The paper concludes that recursive cross-model training can both diversify and homogenize generative models.
- A novel problem. The paper's most significant contribution is the formalization of a new unstudied problem: "data-mediated interaction" within a multi-model systems. This shifts the research focus from the standard "model collapse" setting (a single model consuming its own outputs) to a more realistic and complex scenario where multiple heterogeneous models coexist and interact by training on a shared data pool containing each other's outputs.
- Comprehensive Methodology: The paper supports its claims with a comprehensive methodological approach that provides both theoretical and empirical evidence. The authors develop a formal theoretical model (a linear regression setting) to make analytical predictions about the system's long-term dynamics and (2) validate these predictions with a set of well-designed experiments using large language models (OPT-350m and Llama 3.2 1B).
- Drawback of the whole setting. The theoretical and empirical framework assumes that fine-tuning data for each model is randomly sampled according to ($\alpha-\beta$) proportions (new vs. old, public vs. private). However, in practice, major foundation models rely heavily on highly curated, high-quality fine-tuning datasets that are explicitly designed to avoid noise or low-quality synthetic data. This mismatch between the model’s random-mixing assumption and real-world fine-tuning practices limits the external validity of the results — particularly the conclusions about homogenization and performance degradation under synthetic data reuse.

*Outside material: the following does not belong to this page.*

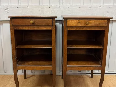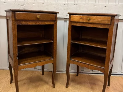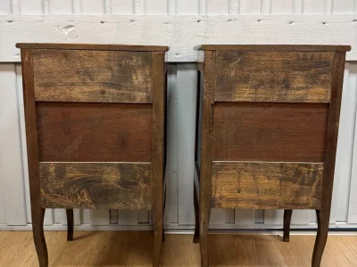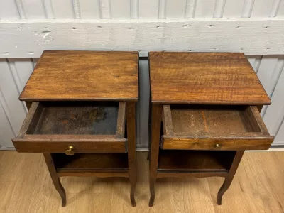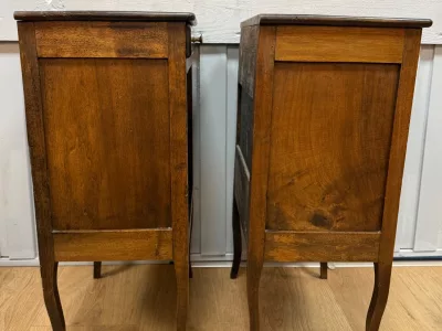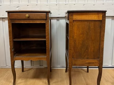 一对路易十五风格的胡桃木床头柜。现状出售。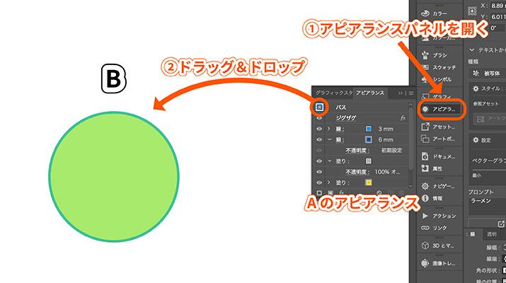 Illustratorでアピアランスを別オブジェクトに簡単にコピーする方法インフォコネクト株式会社。

- The theoretical analysis relies entirely on a linear regression model with Gaussian assumptions, which limits its generality to real-world large-scale nonlinear generative models. Although the authors cite “universality” results, the mapping from this toy model to practical LLM training remains speculative.
- After examining the released code (sft-config), it appears that each fine-tuning round uses a very small effective data volume: the batch size is 2, with gradient accumulation over two steps and only 100 optimization steps per generation. This means that each “generation” sees at most a few thousand training tokens, which is extremely small compared to realistic fine-tuning scales for modern LLMs. Consequently, the observed trends in “cross-model interaction” may reflect under-trained or noisy optimization dynamics rather than genuine long-term convergence effects. Moreover, the experiments involve only K = 2 interacting models and explore just three discrete values for both $\alpha$ and $\beta$ ({0, 0.5, 1}), providing too coarse a sampling to fully characterize the theoretical phase behavior. These limitations substantially weaken the empirical support for the paper’s broader claims about multi-model ecosystems.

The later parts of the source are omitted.